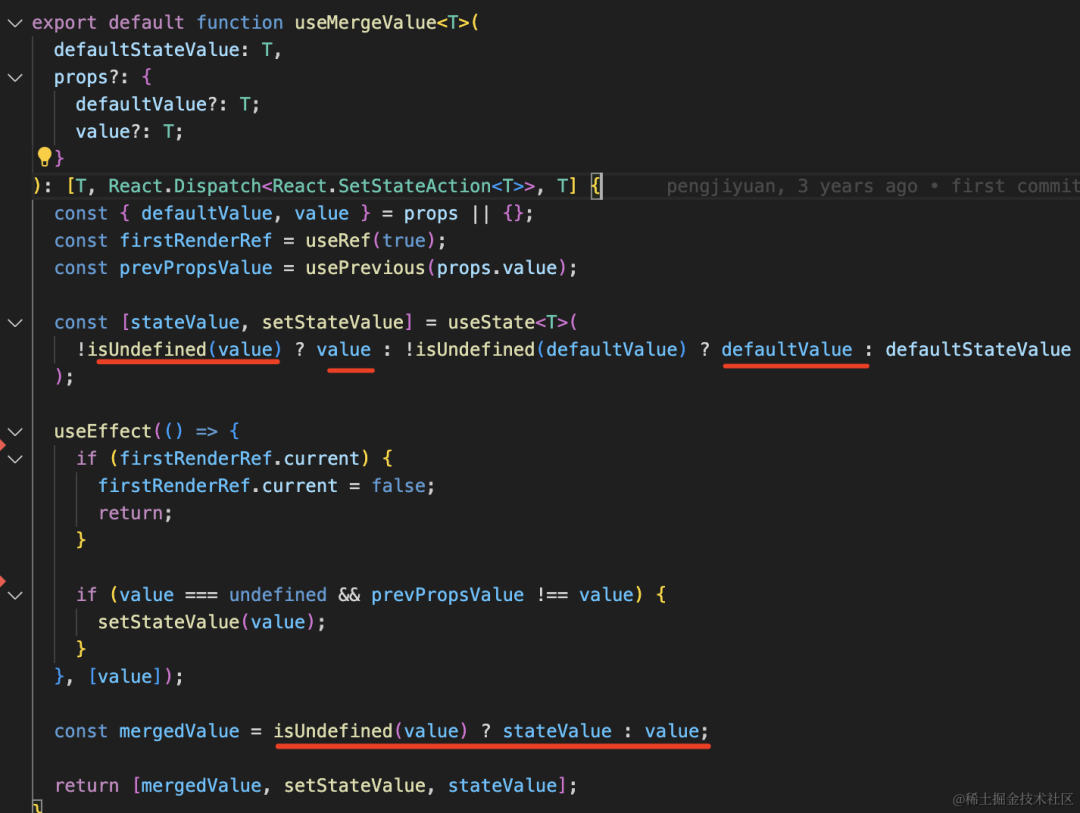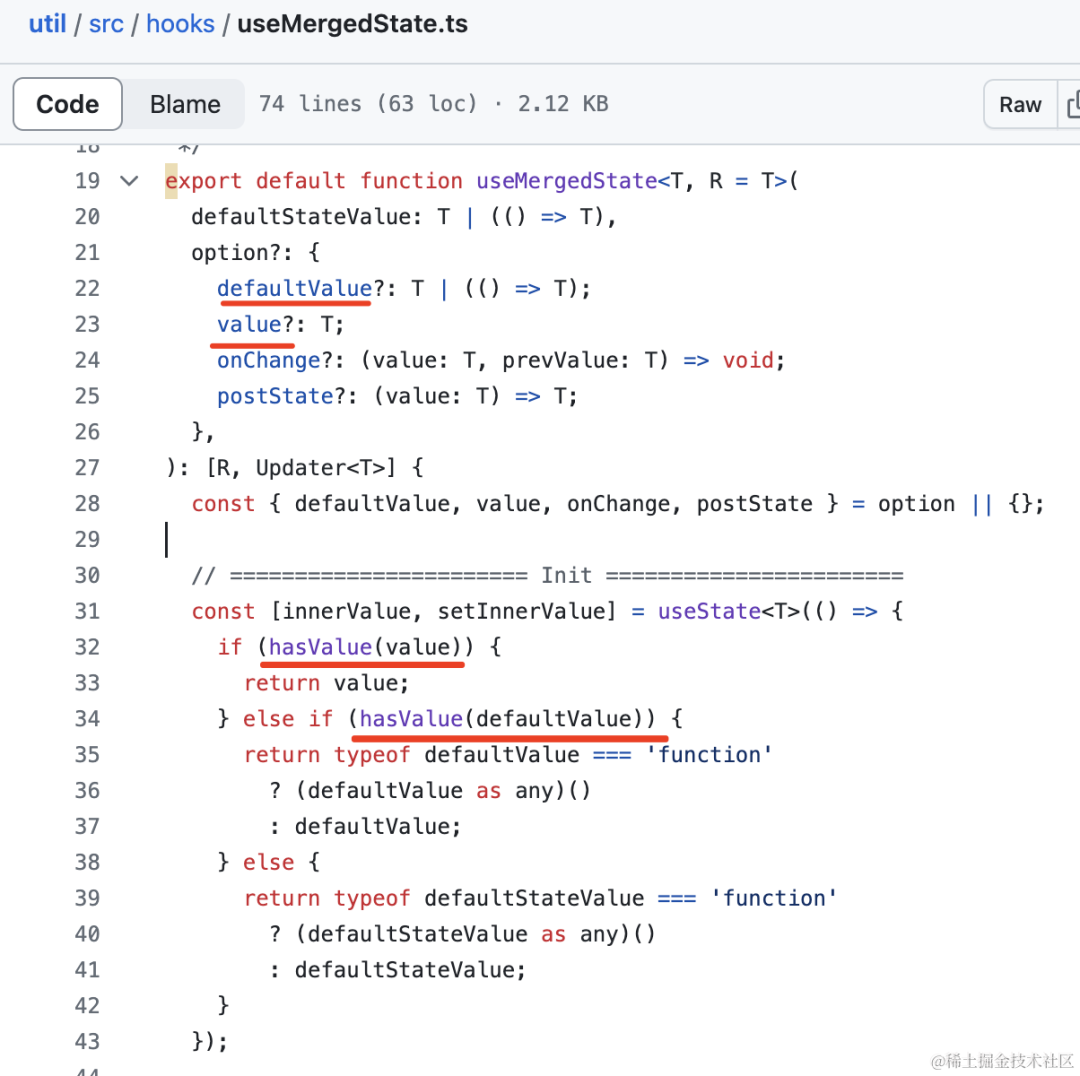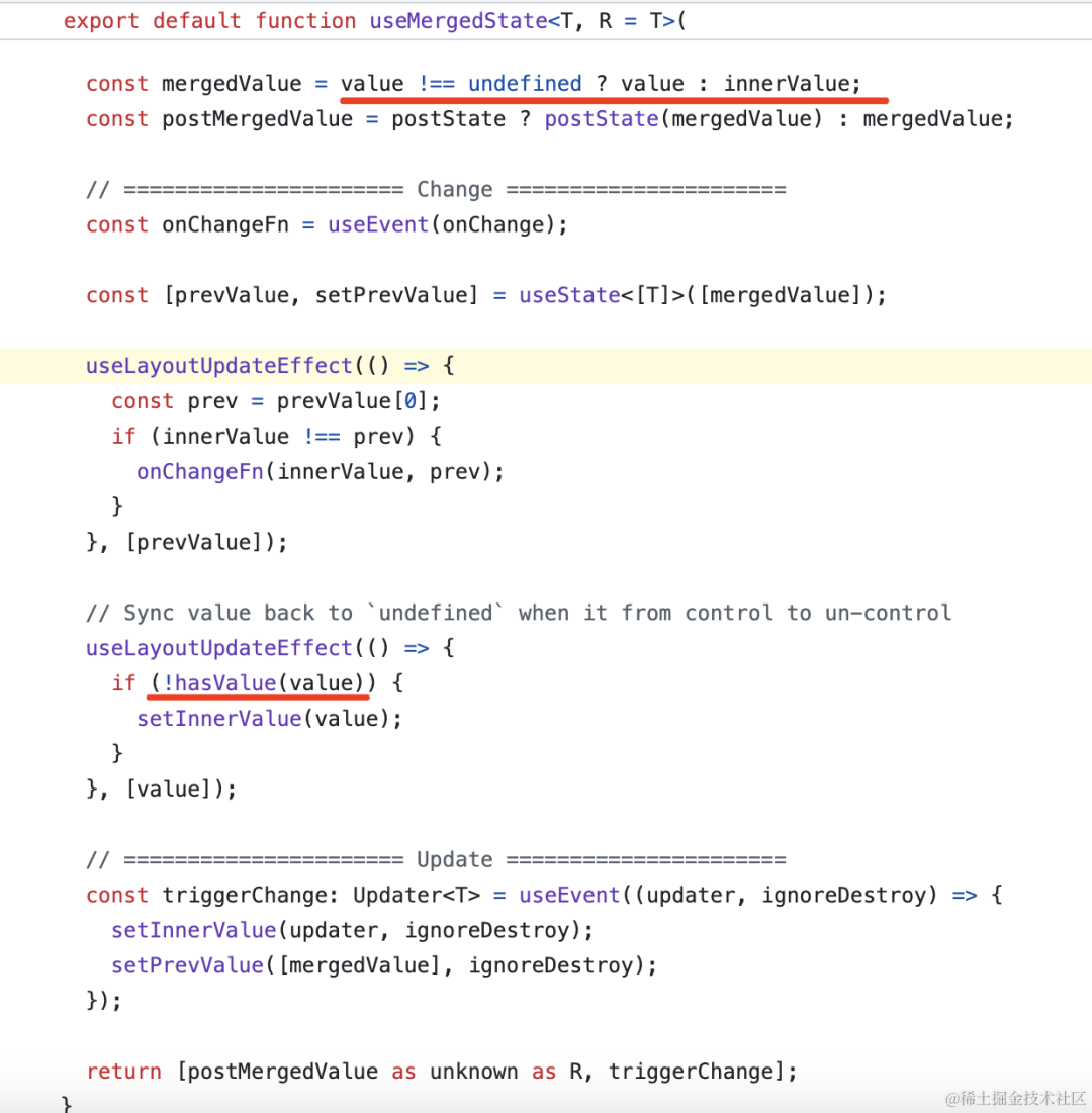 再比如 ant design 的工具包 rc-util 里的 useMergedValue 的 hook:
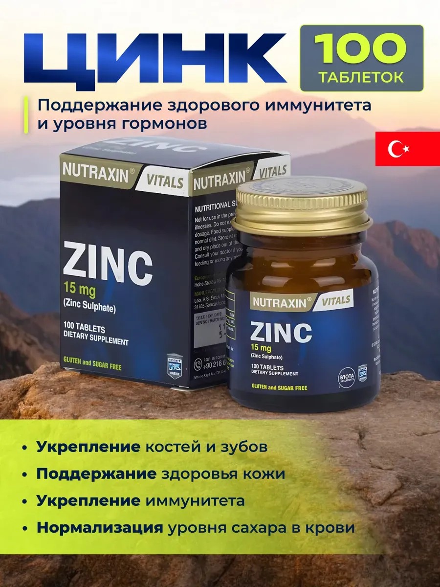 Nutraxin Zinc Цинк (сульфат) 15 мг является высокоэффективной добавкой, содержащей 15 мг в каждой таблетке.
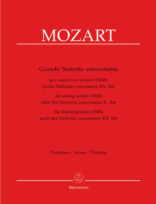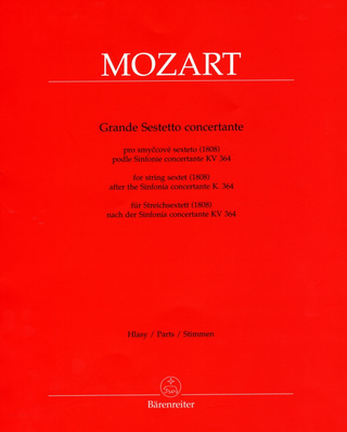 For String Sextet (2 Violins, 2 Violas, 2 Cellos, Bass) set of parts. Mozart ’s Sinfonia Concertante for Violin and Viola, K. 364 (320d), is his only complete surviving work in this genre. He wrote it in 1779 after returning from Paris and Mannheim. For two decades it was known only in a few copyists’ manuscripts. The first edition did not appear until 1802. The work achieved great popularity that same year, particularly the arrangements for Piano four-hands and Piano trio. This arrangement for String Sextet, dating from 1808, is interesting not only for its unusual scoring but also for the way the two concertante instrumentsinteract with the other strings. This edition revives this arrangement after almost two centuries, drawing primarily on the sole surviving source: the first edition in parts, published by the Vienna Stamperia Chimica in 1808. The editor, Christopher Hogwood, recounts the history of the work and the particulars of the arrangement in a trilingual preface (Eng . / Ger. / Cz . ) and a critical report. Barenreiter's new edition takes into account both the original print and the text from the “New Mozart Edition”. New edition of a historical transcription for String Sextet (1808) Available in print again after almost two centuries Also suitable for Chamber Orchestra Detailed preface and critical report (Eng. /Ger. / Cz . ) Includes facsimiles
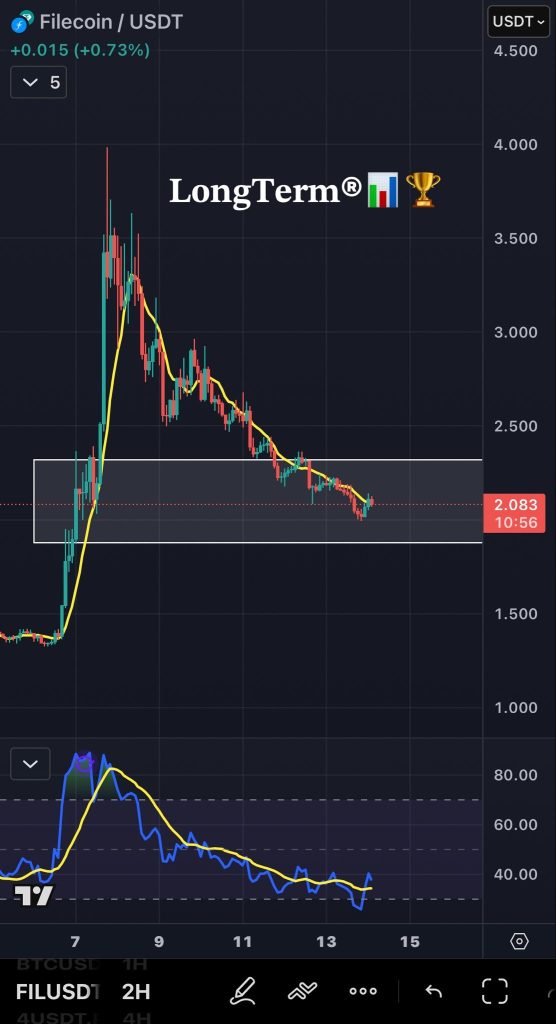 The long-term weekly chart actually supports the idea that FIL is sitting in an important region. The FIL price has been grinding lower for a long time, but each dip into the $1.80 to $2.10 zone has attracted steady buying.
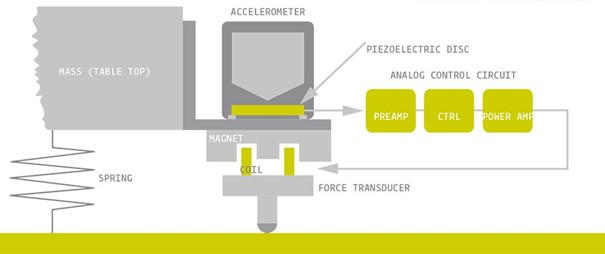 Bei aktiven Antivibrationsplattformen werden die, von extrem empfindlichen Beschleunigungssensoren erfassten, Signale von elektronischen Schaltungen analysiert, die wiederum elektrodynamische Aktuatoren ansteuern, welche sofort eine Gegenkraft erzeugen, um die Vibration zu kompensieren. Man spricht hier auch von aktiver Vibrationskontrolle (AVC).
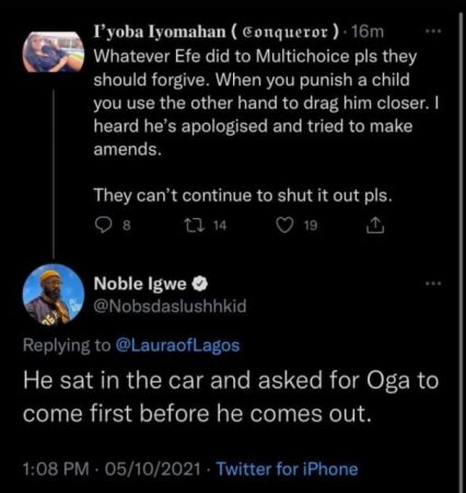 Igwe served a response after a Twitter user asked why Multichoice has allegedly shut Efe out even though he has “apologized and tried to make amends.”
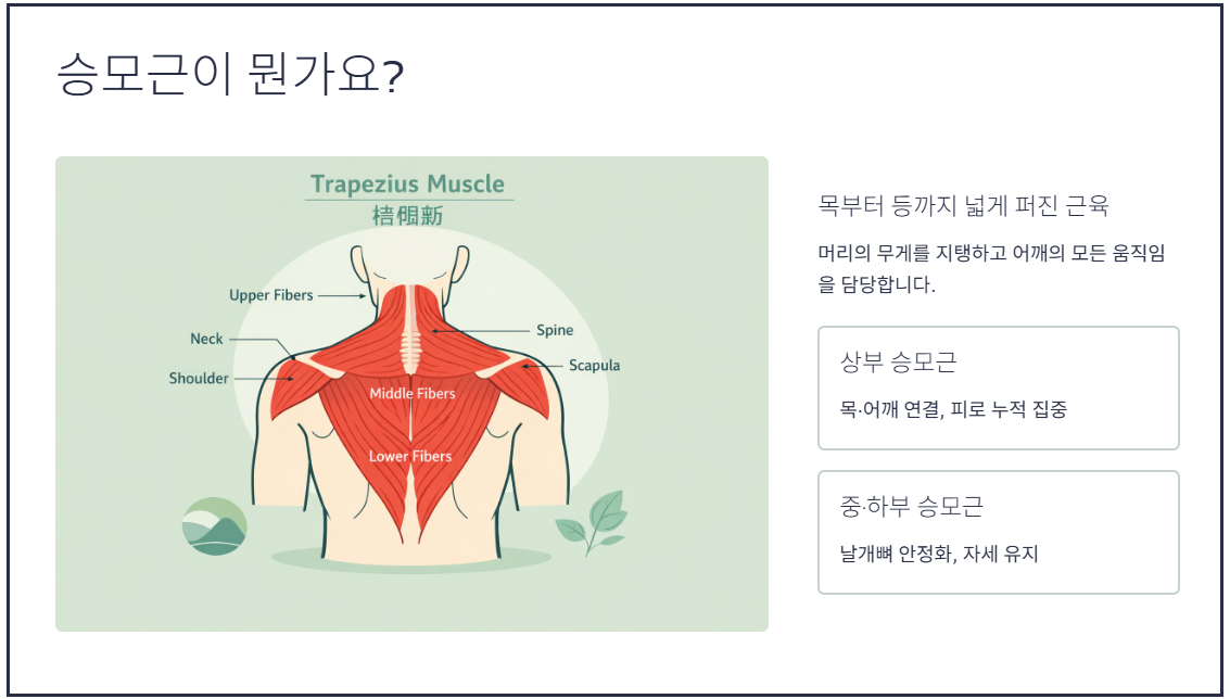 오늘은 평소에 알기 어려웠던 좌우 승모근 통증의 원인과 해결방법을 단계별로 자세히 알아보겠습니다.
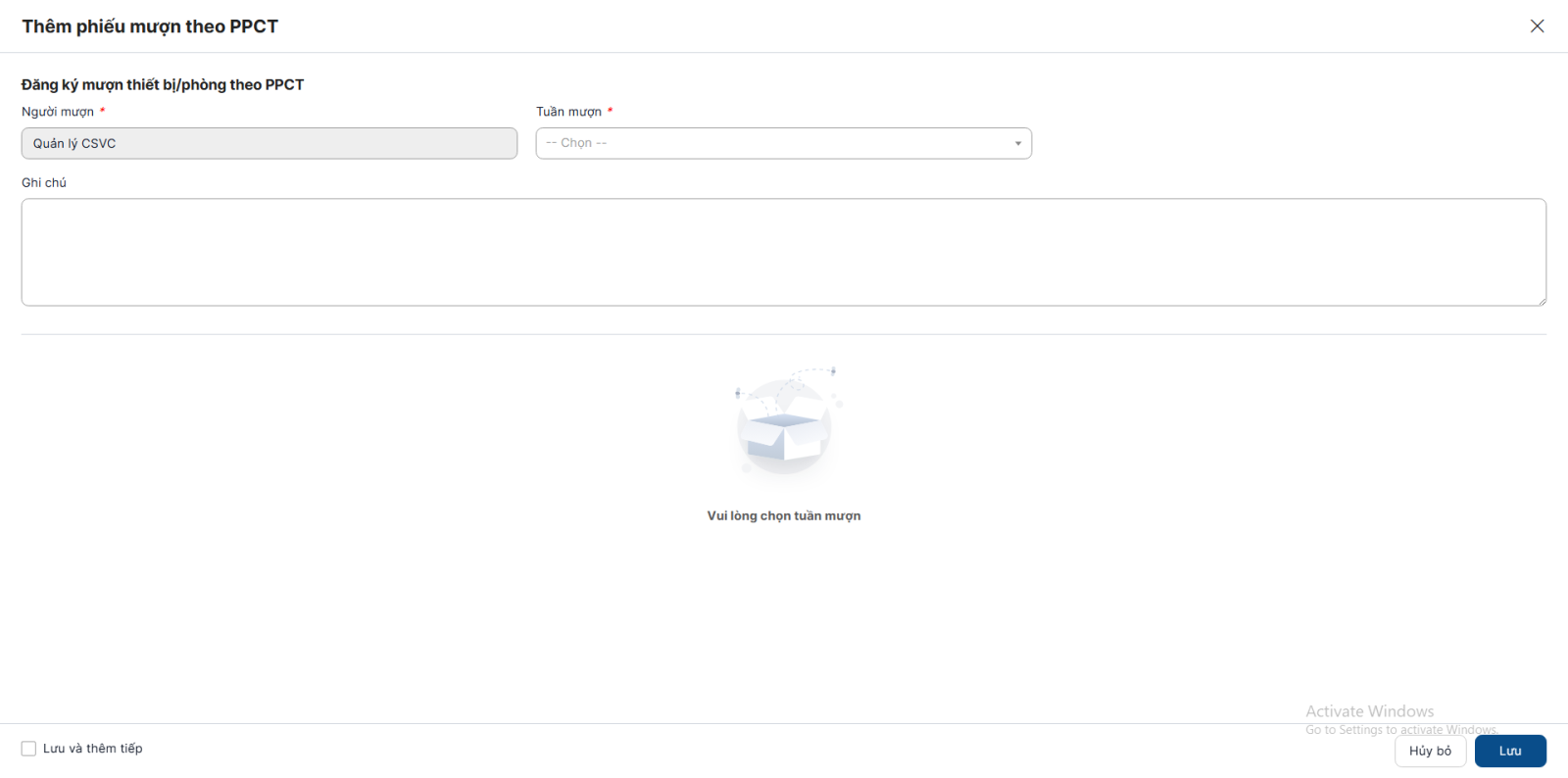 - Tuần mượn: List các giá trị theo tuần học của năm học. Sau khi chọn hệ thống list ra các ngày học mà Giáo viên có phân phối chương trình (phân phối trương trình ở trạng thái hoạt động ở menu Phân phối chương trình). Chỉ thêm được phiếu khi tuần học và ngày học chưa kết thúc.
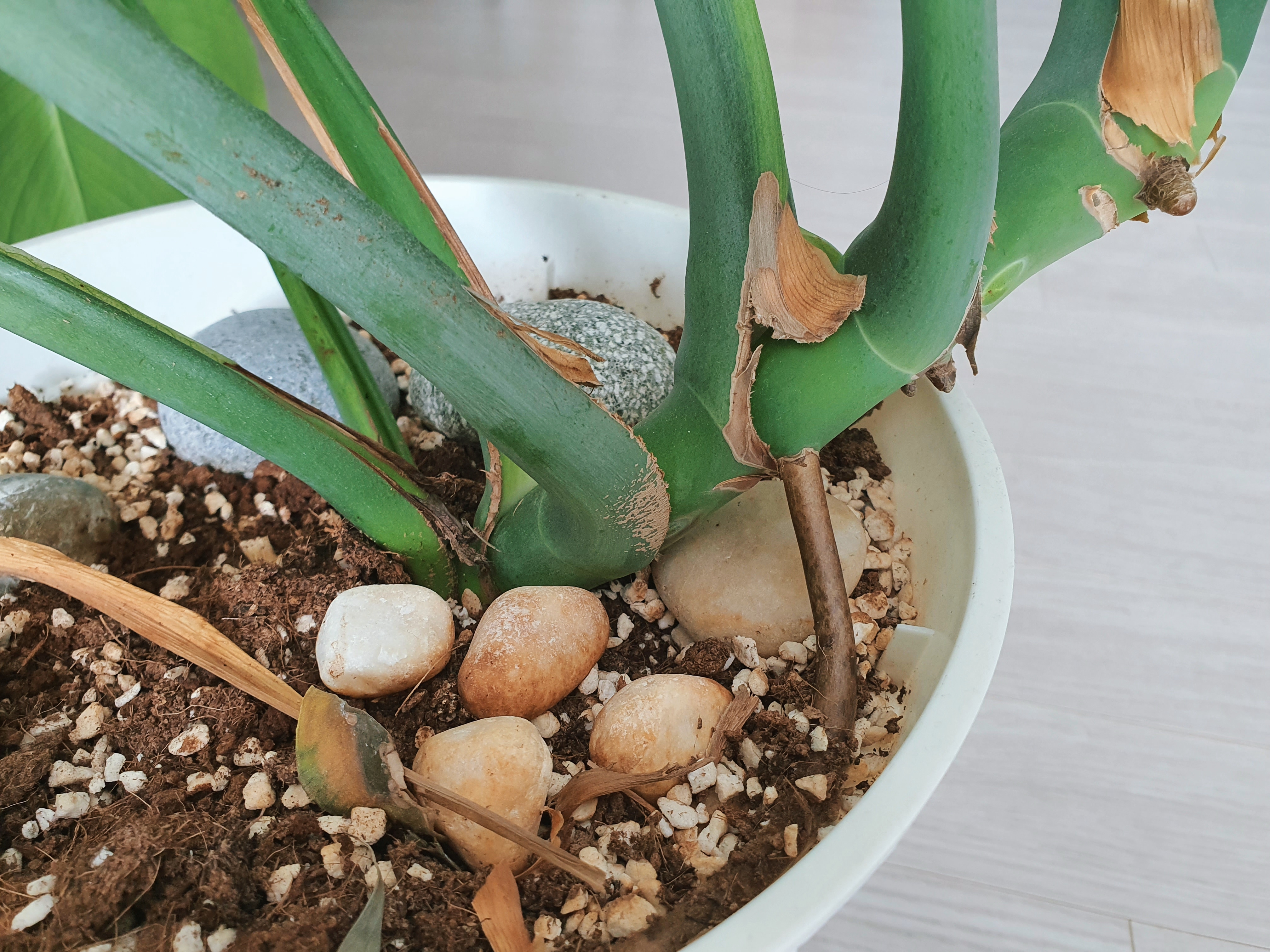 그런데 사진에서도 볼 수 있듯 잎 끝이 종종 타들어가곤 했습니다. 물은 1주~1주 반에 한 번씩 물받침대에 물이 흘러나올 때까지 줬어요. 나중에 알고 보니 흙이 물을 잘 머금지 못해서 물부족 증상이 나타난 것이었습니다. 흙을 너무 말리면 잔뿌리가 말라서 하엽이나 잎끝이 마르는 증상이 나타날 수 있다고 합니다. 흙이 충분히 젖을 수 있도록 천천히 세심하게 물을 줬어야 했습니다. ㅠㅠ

==*==

Work item => With the pictures left out, write out exactly the lines above from the one containing "The long-term weekly" through the one containing "- Tuần mượn: List".

Task solution =>
 The long-term weekly chart actually supports the idea that FIL is sitting in an important region. The FIL price has been grinding lower for a long time, but each dip into the $1.80 to $2.10 zone has attracted steady buying.
 Bei aktiven Antivibrationsplattformen werden die, von extrem empfindlichen Beschleunigungssensoren erfassten, Signale von elektronischen Schaltungen analysiert, die wiederum elektrodynamische Aktuatoren ansteuern, welche sofort eine Gegenkraft erzeugen, um die Vibration zu kompensieren. Man spricht hier auch von aktiver Vibrationskontrolle (AVC).
 Igwe served a response after a Twitter user asked why Multichoice has allegedly shut Efe out even though he has “apologized and tried to make amends.”
 오늘은 평소에 알기 어려웠던 좌우 승모근 통증의 원인과 해결방법을 단계별로 자세히 알아보겠습니다.
 - Tuần mượn: List các giá trị theo tuần học của năm học. Sau khi chọn hệ thống list ra các ngày học mà Giáo viên có phân phối chương trình (phân phối trương trình ở trạng thái hoạt động ở menu Phân phối chương trình). Chỉ thêm được phiếu khi tuần học và ngày học chưa kết thúc.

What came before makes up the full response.